## What you are asked to do
If a line below falls between the line with "2016年,云投汇·云天使研" and the line with "Kapolda Metro Jaya", or is one of those two, output it exactly; output nothing else and no pictures.
(Beginning of Extracted records)
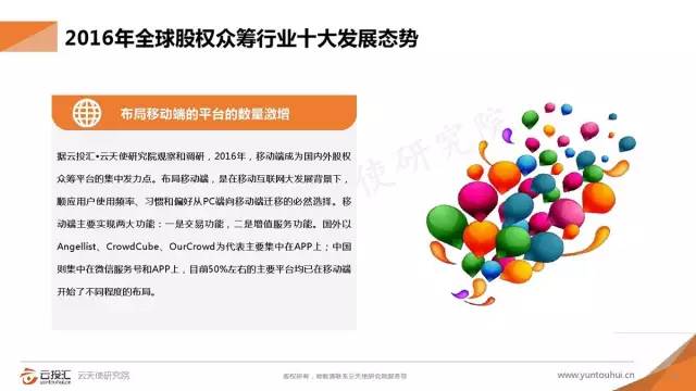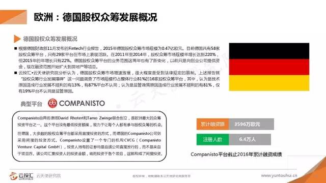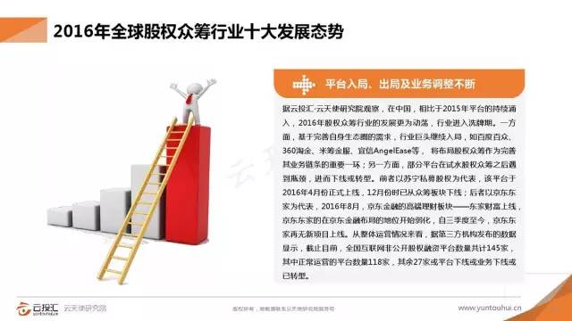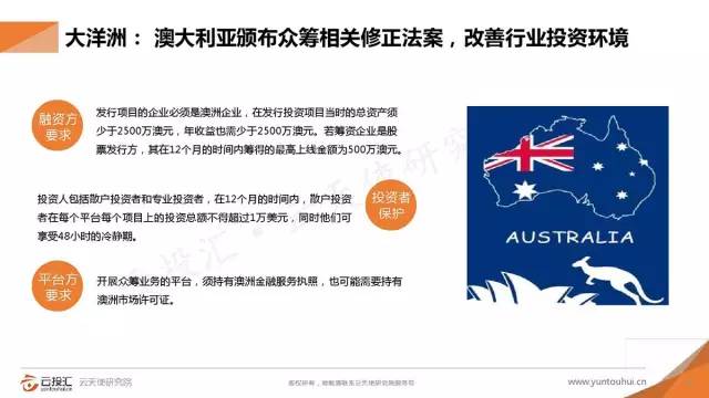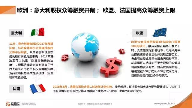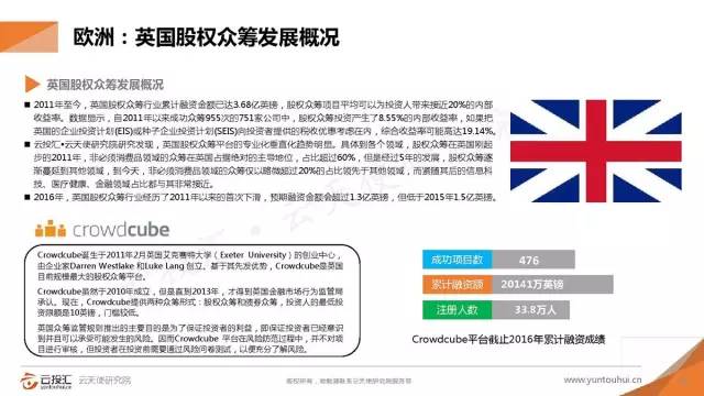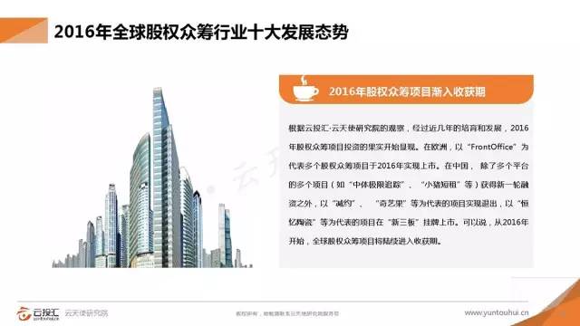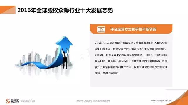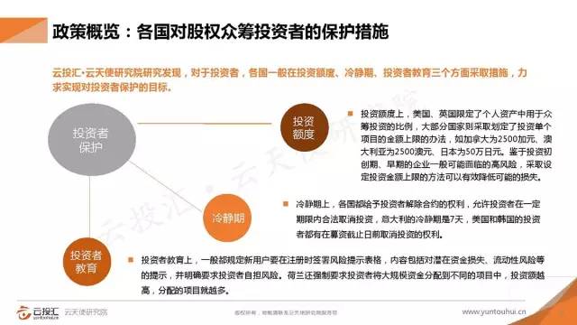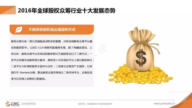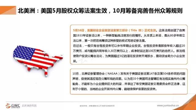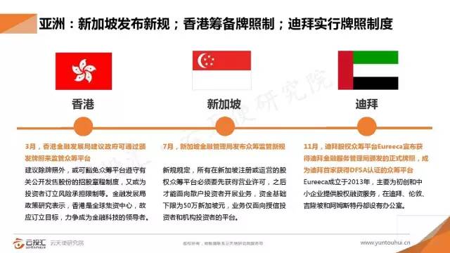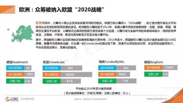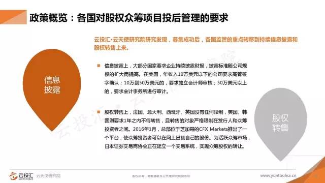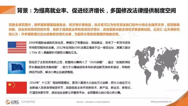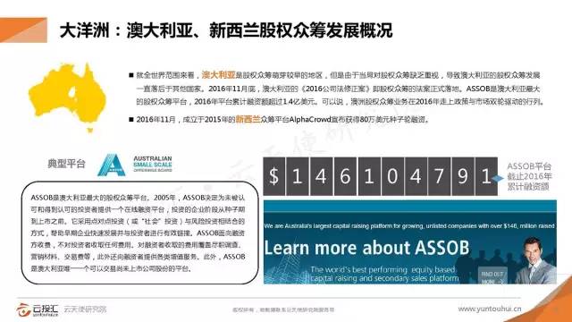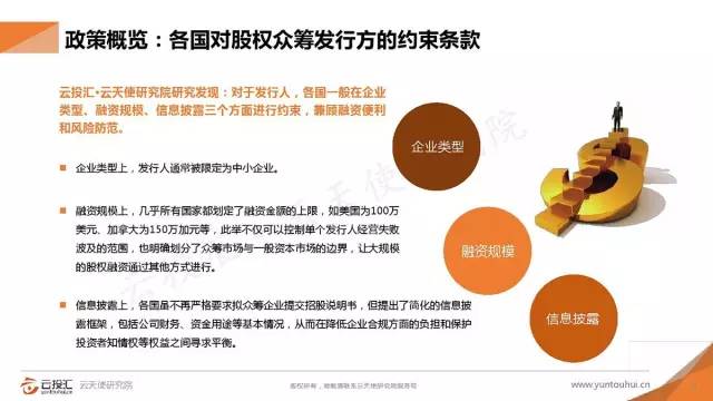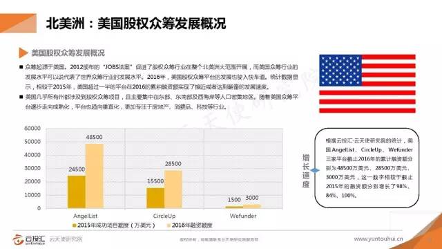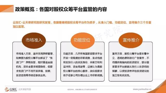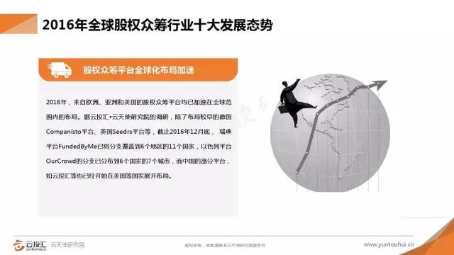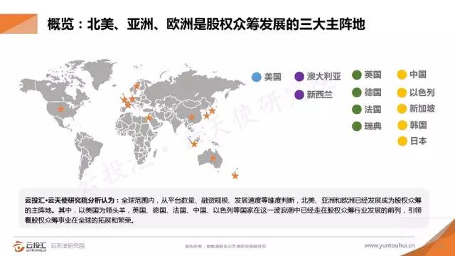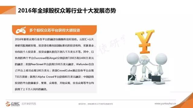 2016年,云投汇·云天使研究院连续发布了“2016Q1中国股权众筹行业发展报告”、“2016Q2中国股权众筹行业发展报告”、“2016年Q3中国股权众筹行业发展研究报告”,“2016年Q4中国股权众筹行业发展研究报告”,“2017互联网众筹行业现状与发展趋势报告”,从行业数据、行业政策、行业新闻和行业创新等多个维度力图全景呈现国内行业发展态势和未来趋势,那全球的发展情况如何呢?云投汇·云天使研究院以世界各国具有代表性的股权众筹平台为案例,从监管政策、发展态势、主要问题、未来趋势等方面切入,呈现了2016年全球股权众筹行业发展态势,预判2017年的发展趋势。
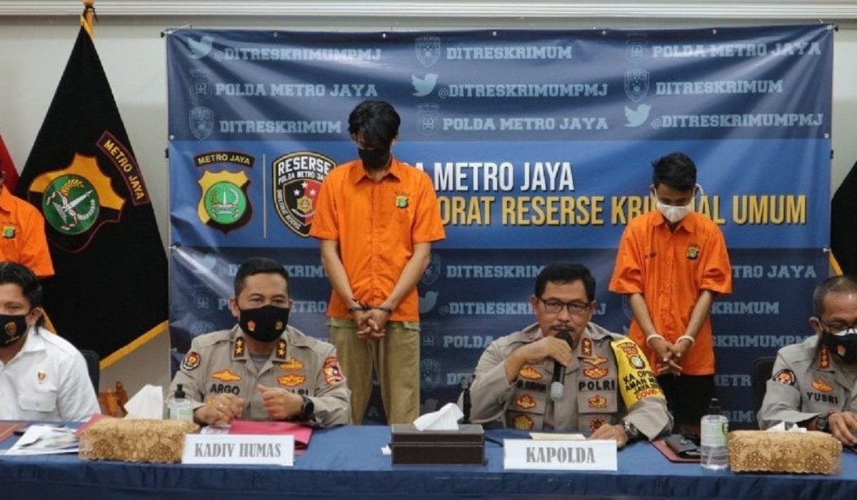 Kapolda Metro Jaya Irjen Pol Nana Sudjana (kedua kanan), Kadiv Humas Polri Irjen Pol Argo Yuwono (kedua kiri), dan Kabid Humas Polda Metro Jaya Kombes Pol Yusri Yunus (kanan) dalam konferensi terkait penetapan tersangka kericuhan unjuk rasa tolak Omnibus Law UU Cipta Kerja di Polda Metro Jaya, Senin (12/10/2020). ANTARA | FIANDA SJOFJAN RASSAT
(End of Extracted records)
(Beginning of Extracted records)
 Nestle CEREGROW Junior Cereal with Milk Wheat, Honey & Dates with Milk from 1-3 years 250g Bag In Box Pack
(End of Extracted records)
## Solution below
 2016年,云投汇·云天使研究院连续发布了“2016Q1中国股权众筹行业发展报告”、“2016Q2中国股权众筹行业发展报告”、“2016年Q3中国股权众筹行业发展研究报告”,“2016年Q4中国股权众筹行业发展研究报告”,“2017互联网众筹行业现状与发展趋势报告”,从行业数据、行业政策、行业新闻和行业创新等多个维度力图全景呈现国内行业发展态势和未来趋势,那全球的发展情况如何呢?云投汇·云天使研究院以世界各国具有代表性的股权众筹平台为案例,从监管政策、发展态势、主要问题、未来趋势等方面切入,呈现了2016年全球股权众筹行业发展态势,预判2017年的发展趋势。
 Kapolda Metro Jaya Irjen Pol Nana Sudjana (kedua kanan), Kadiv Humas Polri Irjen Pol Argo Yuwono (kedua kiri), dan Kabid Humas Polda Metro Jaya Kombes Pol Yusri Yunus (kanan) dalam konferensi terkait penetapan tersangka kericuhan unjuk rasa tolak Omnibus Law UU Cipta Kerja di Polda Metro Jaya, Senin (12/10/2020). ANTARA | FIANDA SJOFJAN RASSAT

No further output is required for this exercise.